Financial KPIs and Metrics for Small Business Reporting

Learn which financial KPIs and metrics every small business should be adding to their KPI dashboard and reporting, and why they’re important!

Helen Cockle

Financial KPIs and Metrics for Small Business Reporting

Key Performance Indicators (KPIs) are metrics that small businesses can use to monitor their progress towards business objectives in more ways than simply cash in the bank or business sales. It can seem like there are an infinite number of KPIs that you can track, and sometimes it's even hard to tell them apart (the difference between gross profit margin and net profit margin are hardly taught in school!). This is largely because KPIs can be anything that is tracked that can be used as a measure of the company's performance, for example, you could use surveys to track customer satisfaction or a restaurant could track the number of covers they serve. This blog however is going to focus specifically on financial metrics and KPIs for small businesses.. We'll take a look at the different metrics that you can consider adding to your company's financial statements.

Revenue

Let's start at the beginning; the most important financial KPI for any small business to track is their revenue.

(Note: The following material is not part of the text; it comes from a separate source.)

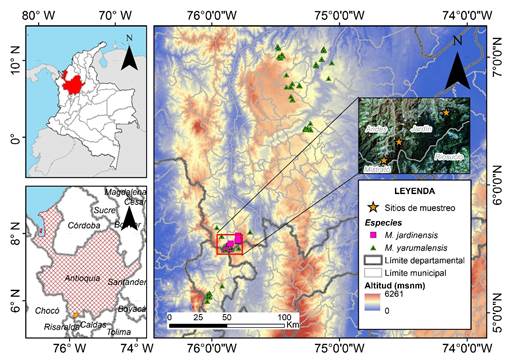 Se realizaron diez visitas de campo a las tres localidades entre febrero y mayo de 2023. Se efectuaron recorridos de 2.2 km en los que se registraron individuos de M. jardinensis y M. yarumalensis encontrados a 10 m de los senderos en fragmentos de bosques, con un área recorrida aproximada de 4.5 ha. Cada individuo fue georreferenciado con un GPS 76CSx marca Garmin® (George Town, Islas Caimán). Se midió el diámetro a la altura del pecho (DAP) utilizando una cinta de fibra de vidrio HFMT8330 marca INGCO® (Suzhou, China) y se estimó la altura total; las variables se registraron en el software Memento database v. 5.1.0 (MementoDB Inc., 2023).

Revenue, sometimes called income, is simply the money that comes into the business in a period of time.

Gross Profit

Unfortunately, it's not as simple as taking all the money coming into the business and just reporting that. Revenue could be increasing but the money in your bank account could be decreasing. Gross profit looks at what's left of revenue once any costs that went into production/manufacturing have been deducted. Gross profit is one of the simplest key performance indicators (KPIs) for measuring how efficiently a company is producing its wares. For example, if gross profit is decreasing while income remains steady then something in the production or the supply chain is getting more expensive, allowing you to diagnose the issue quicker.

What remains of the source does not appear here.